- Willoughby and Bugs Bunny in The Heckling Hare
- First appearance: Of Fox and Hounds (1940)
- Last appearance: Foxy by Proxy (1952)
- Created by: Tex Avery
- Voiced by: Tex Avery (1940–1941); Kent Rogers (1941–1942); Mel Blanc (1942–1947); Tedd Pierce (1944); Stan Freberg (1952);

In-universe information
- Aliases: Willoughby; Rosebud; Sylvester;
- Species: Dog
- Gender: Male

= Willoughby (Looney Tunes) =

Warner Bros. theatrical cartoon character

Willoughby is a minor animated cartoon character in the Warner Bros. Looney Tunes series of cartoons. A lackadaisical hound dog, Willoughby is characterized by his below-average intelligence and overall gullibility. Creator Tex Avery based Willoughby on the character Lennie from John Steinbeck's 1937 novella Of Mice and Men. The character's name has occasionally been changed to Rosebud or Sylvester from cartoon to cartoon.

Created during the golden age of American animation by Tex Avery, who would voice Willoughby from 1940's Of Fox and Hounds until 1941's The Heckling Hare, the character was later voiced by Kent Rogers (1941–1942), Mel Blanc (1942–1947), Tedd Pierce (1944), and Stan Freberg (1952). Willoughby has not appeared in any new media since 1952's Foxy by Proxy.

==History==
Willoughby first appeared in the 1940 cartoon Of Fox and Hounds. He was created and voiced by Tex Avery.
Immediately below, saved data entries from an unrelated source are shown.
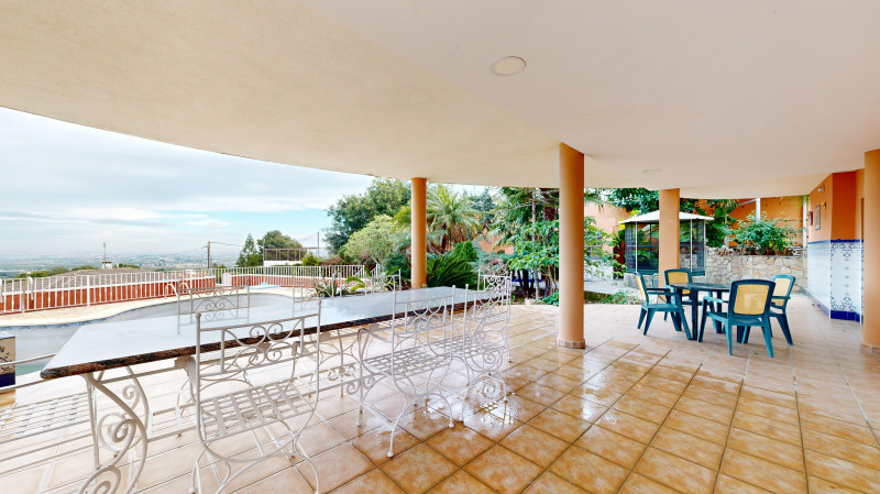 A high-end detached villa in the best area of Calicanto, with 480 m2 of living space and a 1,458 m2 plot. To infinity and beyond! This is the first phrase that came to mind while photographing this home, and it perfectly sums up the views from every corner of the house. A plot with excellent views, you'll fall in love. On 1458m2 we find a complex of two independent houses, main house plus another complete house, paddle court, barbecue, garage, beautiful and original swimming pool and different recreational areas Located in the Cumbres de Calicanto urbanization, in the sought-after area of Santo Domingo, just a few meters from the Levante school, is this plot with robust construction of very high quality, one of the reasons that makes it attractive - First home with access to Calle Puerto de los Leones The entire villa has completely unobstructed views of the east. It consists of 4 floors, on the ground floor we have a gym, full bathroom, storage room and water treatment room 1st floor: 1 large bedroom, 1 full bathroom, laundry room, kitchen, pantry, utility room and a very large living room with access to the large terrace and pool 2nd floor: 1 bedroom with full en-suite bathroom, large kitchen, toilet and a huge living room divided into 3 different areas, with fireplace and access to another independent terrace with spectacular views and over the pool 3rd floor: 3 bedrooms, the master bedroom has a private terrace and en-suite bathroom, the second bedroom shares a bathroom with the third, and both have a private terrace. - The second building is another home with access from Puerto Pajares Street and is distributed as follows: Two large offices, a full bathroom, a storage room, and a garage for 6 vehicles. - In common they have a paddle tennis court, a barbecue with a closed kitchen, a large swimming pool, and garden areas with ornamental plants and fruit trees. We know that there are several important factors when buying a home, but above all, the location is the most important because it is obvious that any other detail of the house can be modified, updated, or adapted to the taste and needs of its owners, but, for now, the location is characterized by its invariability. So analyzing the location of this house we can say that it has it all, magnificent orientation, next to the sought-after Levante school, an established area destined for first homes and where lifelong neighbors live with those who have come attracted by a relaxing environment, residing all year round since it is close to all services. Don't wait any longer, we can exclusively show you this luxury home in a privileged environment. Price: € 1,970,000 Reference: c466 Town: Chiva Orientation: East Built: 560 m2 Useful: 448 m2 Plot: 1458 m2 Conservation: Good condition Year of construction: 2003 Bedrooms: 5 Pool: Yes Private pool: Yes Garage: Yes Storage room: Yes Type of floor: Ceramic Gress: Extras Terrace Built-in wardrobes Armored door Light Light Garden Barbecue Featured views Bus nearby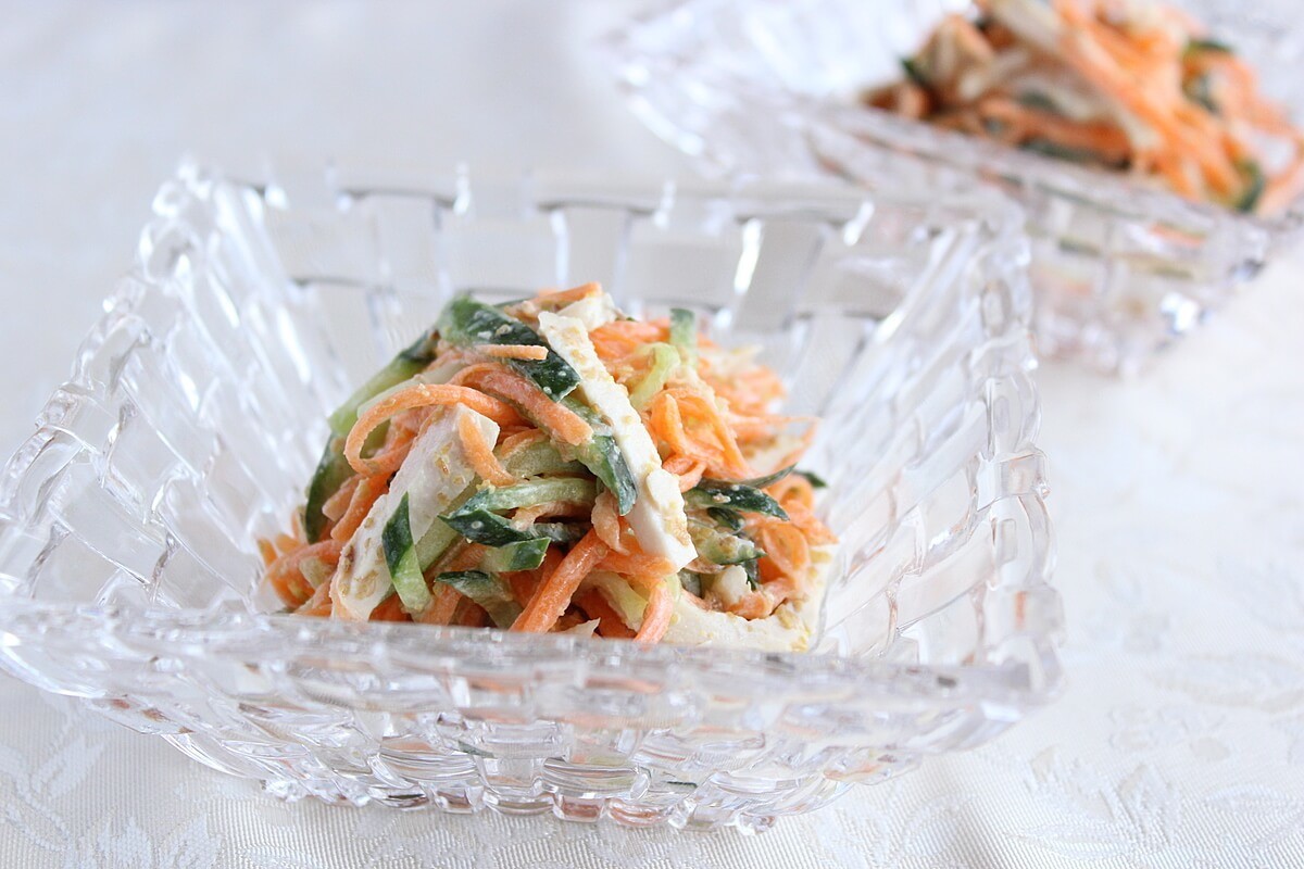 鶏むね肉とキュウリ、人参のサラダにIN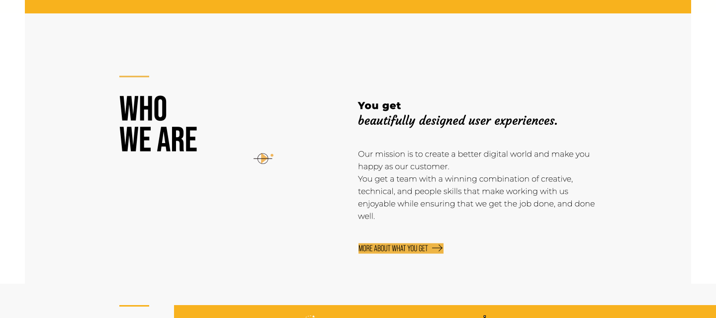 Jeho další funkcí je vyrovnání vizuální rovnováhy. Hlavní žlutá barva končí předchozí sekci a začíná následující. Je v lince nad nadpisem a je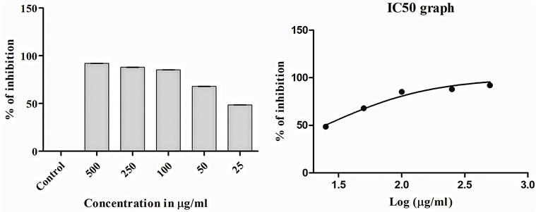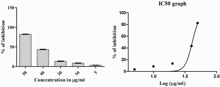 From Table 1 % inhibition of free radicals by ascorbic acid at various concentrations (5, 10, 20, 40 and 50 µg/ml) can be determined. Ascorbic acid is taken as the positive control for the DPPH assay of scavenging free radicals. From the IC50 graph (Figure 4), the value 41.21% ± 1.56% µg/ml for IC50 is obtained. Ascorbic acid at various concentrations (5, 10, 20, 40 and 50 µg/ml) showed an inhibition percentage of 3.35%, 8.64%, 13.52%, 43.45% and 82.54% respectively. Two graphs were plotted between the concentration of the sample and log values for the concentration of the sample and % inhibition as shown in Figure 4. The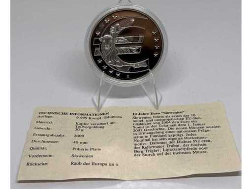 Cupru placat cu argint și placat parțial cu aur – monedă comemorativă slovenă de 10 euro, diametru de 40 mm.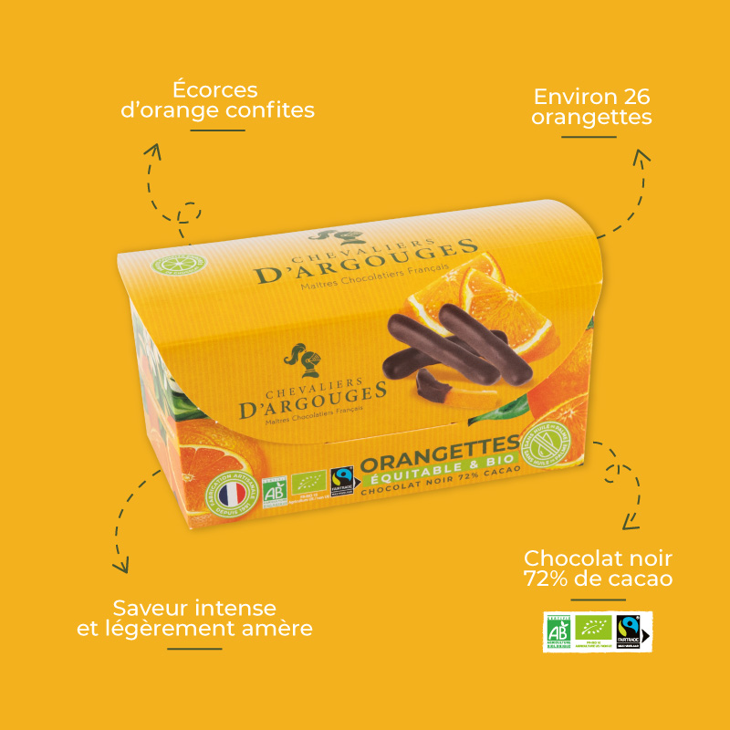 Imaginez le croquant du chocolat noir qui protège le moelleux d’une orangette confie biologique et issue du commerce équitable.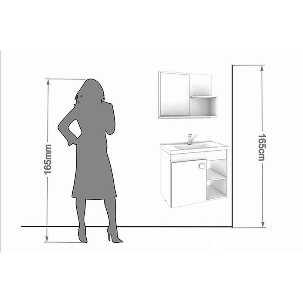 Bancada De Banheiro Balcão Suspenso LótuSem bia Com Cuba 55cm E Armário Com Espelho Amendoa-branco - Mgm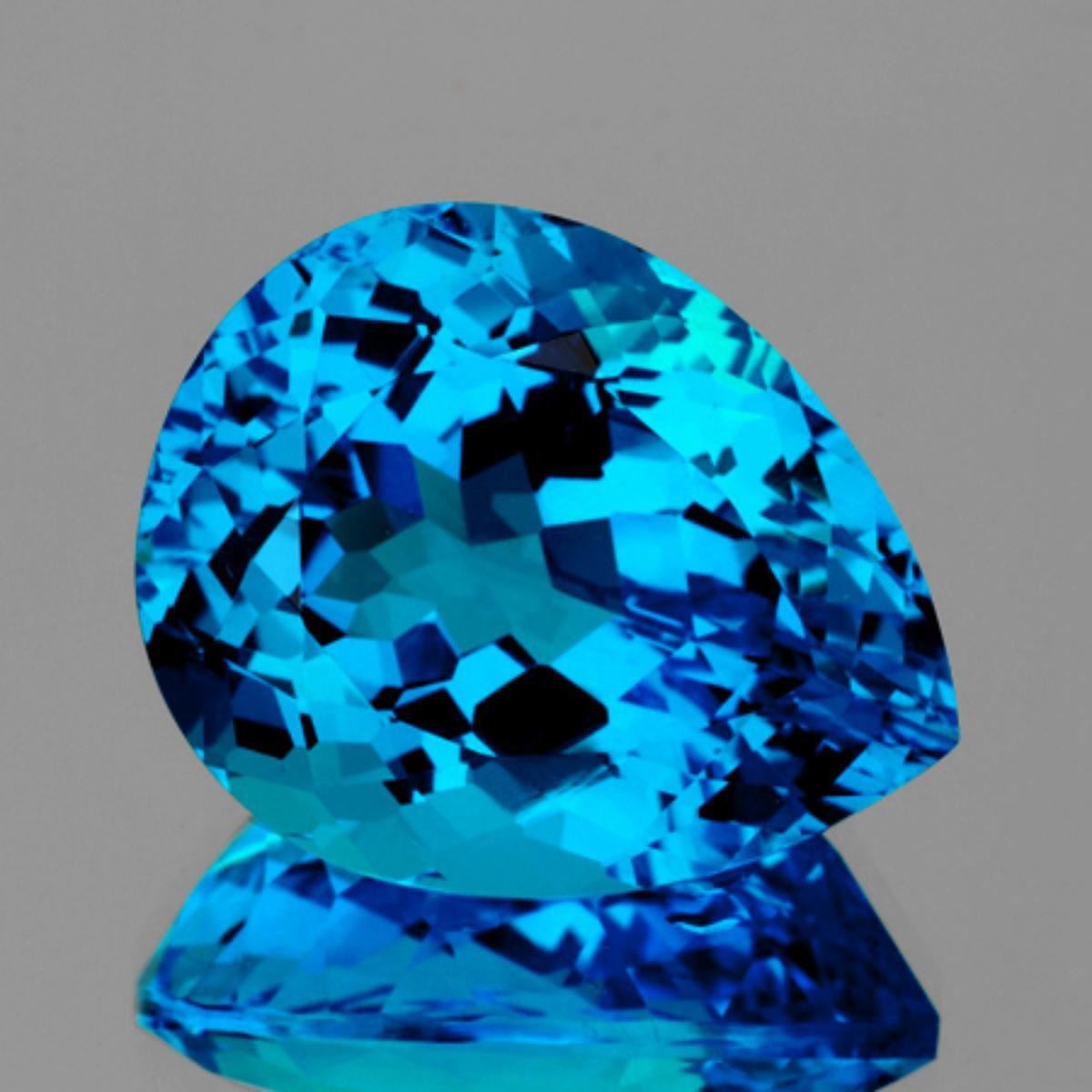 Natural Topaz WEIGHT : 27.28 cts SHAPE : Pear SIZE ( L x W x D ) : 20.32 x 16.56 x 11.11 mm QUANTITY : 1 pieces COLOR : Intense Swiss Blue CLARITY : Flawless-VVS1 ORIGIN : Brazil HARDNESS : 8 LUSTER : Excellent!!! TREATMENT : Heated

According to Chuck Jones, the character was based on Lennie, from Of Mice and Men (of which the title of Of Fox and Hounds is a knockoff). Critic Steven Hartley described this short as lacking in creativity, originality, excitement, and story construction, particularly compared to Avery's seminal earlier work A Wild Hare.

Willoughby later appears in other Warner Brothers animated shorts, including The Crackpot Quail (1941), The Heckling Hare (1941), and Nutty News (1942), as the lead dog of a fox hunting party. A fundamentally similar character, Laramore, appears in To Duck or Not to Duck (1943), albeit with a fully brown coat of fur. Willoughby's brief career was essentially over before the end of World War II.

Dogs similar to Willoughby in personality but visually distinct from him appeared in Porky's Bear Facts (1941), Ding Dog Daddy (1942), To Duck or Not to Duck (1943), A Corny Concerto (1943), Hare Ribbin' (1944), Goofy Gophers (1947), and possibly Inki at the Circus (1947).

==Appearances==
1. Of Fox and Hounds (1940)
2. The Crackpot Quail (1941)
3. The Heckling Hare (1941)
4. The Wabbit Who Came to Supper (1942) (cameo)
5. Nutty News (1942) (cameo in a B&W cartoon)
6. The Hep Cat (1942) (as Rosebud)
7. An Itch in Time (1943)
8. Hare Force (1944) (as Sylvester)
9. Foxy by Proxy (1952)

===In other media===
Willoughby was planned make a cameo appearance in the deleted scene "Acme's Funeral" from the 1988 film Who Framed Roger Rabbit.